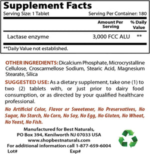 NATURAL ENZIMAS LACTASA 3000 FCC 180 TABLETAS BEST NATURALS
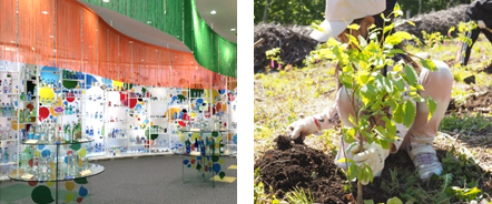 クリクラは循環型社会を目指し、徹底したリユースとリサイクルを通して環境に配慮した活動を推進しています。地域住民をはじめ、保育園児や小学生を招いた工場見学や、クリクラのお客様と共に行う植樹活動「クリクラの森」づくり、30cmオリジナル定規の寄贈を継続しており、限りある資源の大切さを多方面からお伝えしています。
━━━━
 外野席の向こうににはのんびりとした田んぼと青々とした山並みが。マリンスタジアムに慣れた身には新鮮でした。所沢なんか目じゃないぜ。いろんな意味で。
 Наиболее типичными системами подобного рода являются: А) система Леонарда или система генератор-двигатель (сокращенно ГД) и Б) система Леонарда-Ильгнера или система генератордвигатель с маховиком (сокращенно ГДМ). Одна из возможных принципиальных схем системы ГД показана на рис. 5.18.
━━━━
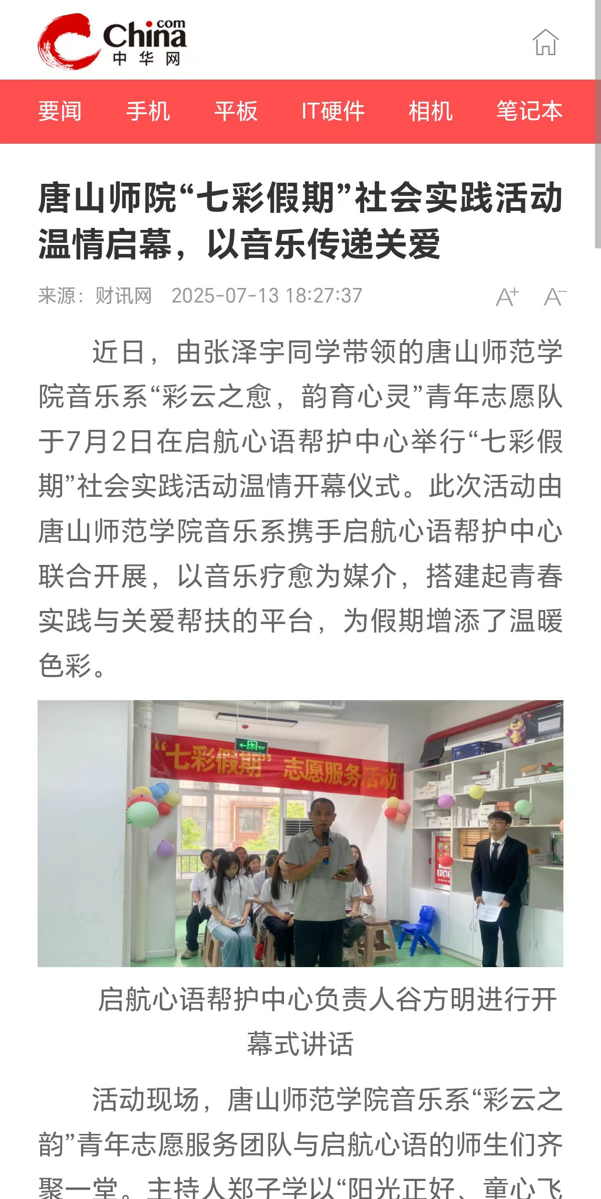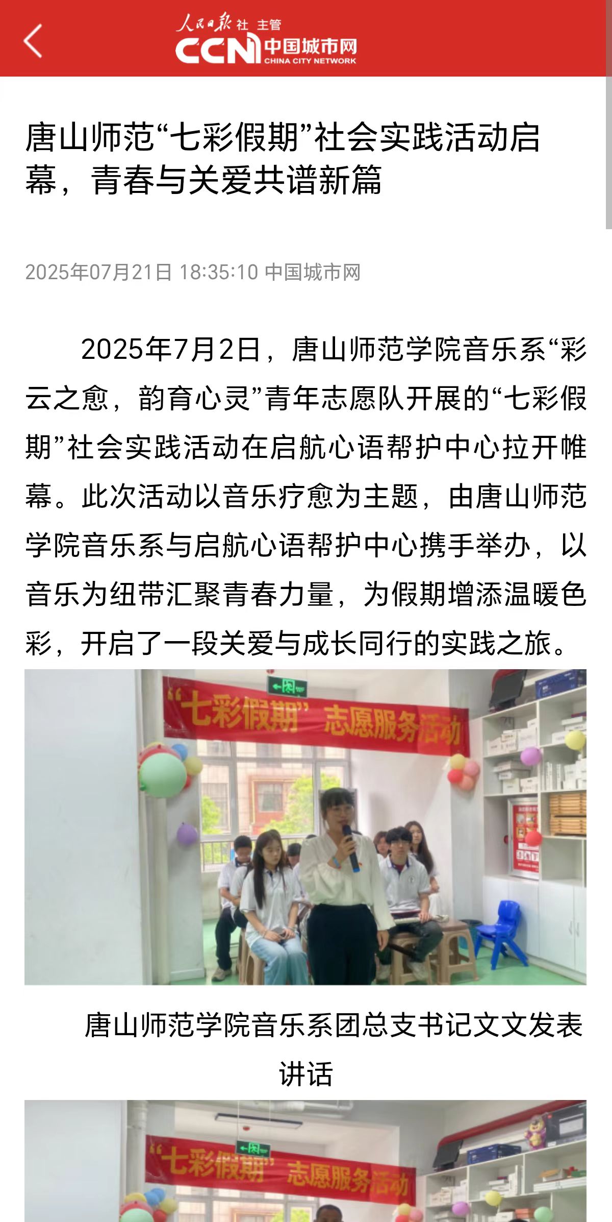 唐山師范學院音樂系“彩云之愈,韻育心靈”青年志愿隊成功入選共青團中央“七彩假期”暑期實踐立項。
━━━━
▶ [Task instructions] Without the pictures, give again exactly the lines above starting at the line containing "NATURAL ENZIMAS LACTASA" and ending at the line containing "クリクラは循環型社会を目指し".

▶ [Task output]
 NATURAL ENZIMAS LACTASA 3000 FCC 180 TABLETAS BEST NATURALS
 クリクラは循環型社会を目指し、徹底したリユースとリサイクルを通して環境に配慮した活動を推進しています。地域住民をはじめ、保育園児や小学生を招いた工場見学や、クリクラのお客様と共に行う植樹活動「クリクラの森」づくり、30cmオリジナル定規の寄贈を継続しており、限りある資源の大切さを多方面からお伝えしています。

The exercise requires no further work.